Is it important to maintain the old sweep API for other reasons?

My concern was purely about deprecating a big module I didn't write!

My instinct is that we should just replace the public interface of the old one with the new one. This would be a breaking change, since the API's are slightly different, but that seems worthwhile.

Good plan. Done.

As for the monotone functionality: how about maintaining the old sweep impl, but only as a private implementation detail of Monotone?

Creatively renamed to old_sweep, annotated with a warning, and made pub(crate). I can move it fully into the monotone module if it's desired.

Note that the new implementation no longer offers SweepPoint which was a Point with full lexicographic sort capabilities (with the baked-in assumption that the underlying float values would be sortable? dot dot dot etc)

In any case, I had a look at interior_point and I don't think we need a full lexicographic sort, as per my comment, so that should be fine.

urschrei avatar Jul 04 '25 13:07 urschrei

The two new commits are meaningfully separated for (hopefully) ease of review.

urschrei avatar Jul 04 '25 13:07 urschrei

…and finally, a less messy (IMO) benchmark setup, and I managed to replace the HashMap with a lookup, which buys us another 20 % speedup or so on average (sorry!).

urschrei avatar Jul 04 '25 21:07 urschrei

Wondering whether it's sensible to document the presence of this module in the line_intersection module docs: sweep isn't very intuitive, and it's already slightly confusing to have line_intersection and intersects modules (nb I'm not proposing to change that, just wondering how best to point someone at the module that best fits their needs)

urschrei avatar Jul 09 '25 12:07 urschrei

Wondering whether it's sensible to document the presence of this module in the line_intersection module docs: sweep isn't very intuitive, and it's already slightly confusing to have line_intersection and intersects modules (nb I'm not proposing to change that, just wondering how best to point someone at the module that best fits their needs)

Great point. I think more people would be be looking for something like "intersection" rather than "sweep" (which is an implementation detail). Cross linking from these other modules as you suggested seems like a good start.

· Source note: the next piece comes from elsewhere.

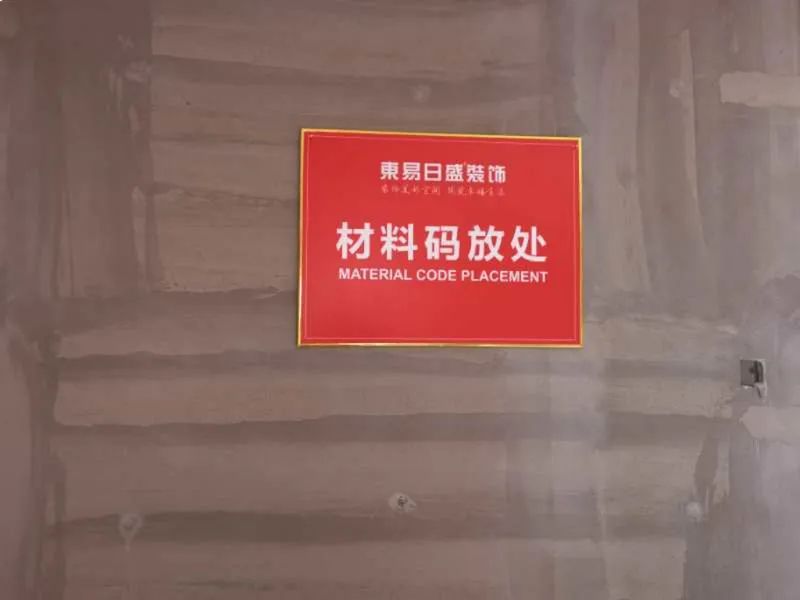 · 客户自购主材:单独码放整齐于施工便利处,使用东易日盛专用保护膜进行整体保护,同时放置标识牌,防止意外磕碰造成破损。
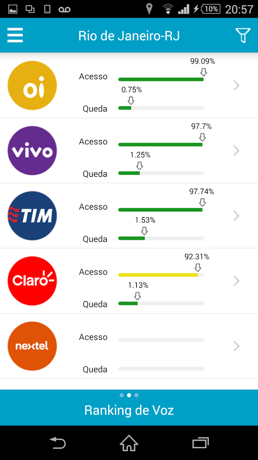 A referência para o indicador de queda da rede de voz é de 2% ou inferior. A barra de cor verde indica o atingimento do indicador estabelecido. A barra de cor amarela expressa o indicador entre 2,01% e 4,99%. A barra de cor vermelha indica valor igual ou superior a 5%.

michaelkirk avatar Jul 10 '25 22:07 michaelkirk

I'm not sure if you're still actively pushing code, so tag me when you're ready for re-review @urschrei

michaelkirk avatar Jul 10 '25 22:07 michaelkirk

OK, have a (hopefully final) look @michaelkirk

urschrei avatar Jul 10 '25 23:07 urschrei

Looks good! I'll leave it to you to merge it @urschrei

michaelkirk avatar Jul 14 '25 17:07 michaelkirk

This impl doesn't use SweepPoint, Cross, or PointOrLine: we only accept Line<GeoFloat> segments for checking. If we adopt this, we would either have to do more work to accept "Crossable" geometries etc

I'm adapting some code to use the new implementation, and hitting a slight snag here. It's sometimes useful to associate arbitrary data with the lines that intersect. As a workaround, I'm hashifying the input lines (by picking a suitable precision and turning f64 into isize), then doing the lookup with the output Lines.

dabreegster avatar Jul 17 '25 12:07 dabreegster

Thanks for being a beta tester 😉

I think we assumed no one was using those traits except us. Now that we know that's not the case, I can follow up to try to make it generic like the old implementation.

michaelkirk avatar Jul 17 '25 19:07 michaelkirk

Thanks for pushing through a newer implementation that doesn't crash!

The workaround is not bad: https://github.com/a-b-street/ltn/commit/6b233ee90b04727267143f32ad4b2edd9dc22cda#diff-94c2fcfb4730187542a1dec886f4b03d40929ac66fdf6f1735d5bb6df7c91a50

The simplest API might be to return the index of the matching lines, ie, ((Line, usize), (Line, usize), LineIntersection. The user can then associate data with that index easily while building the input. It's a little less type-safe than plumbing through a generic associated data T with each Line, or letting people implement a trait, but it would work totally fine and might (totally speculating, haven't been following the new perf improvements PR) be cheaper memory-wise.

dabreegster avatar Jul 18 '25 09:07 dabreegster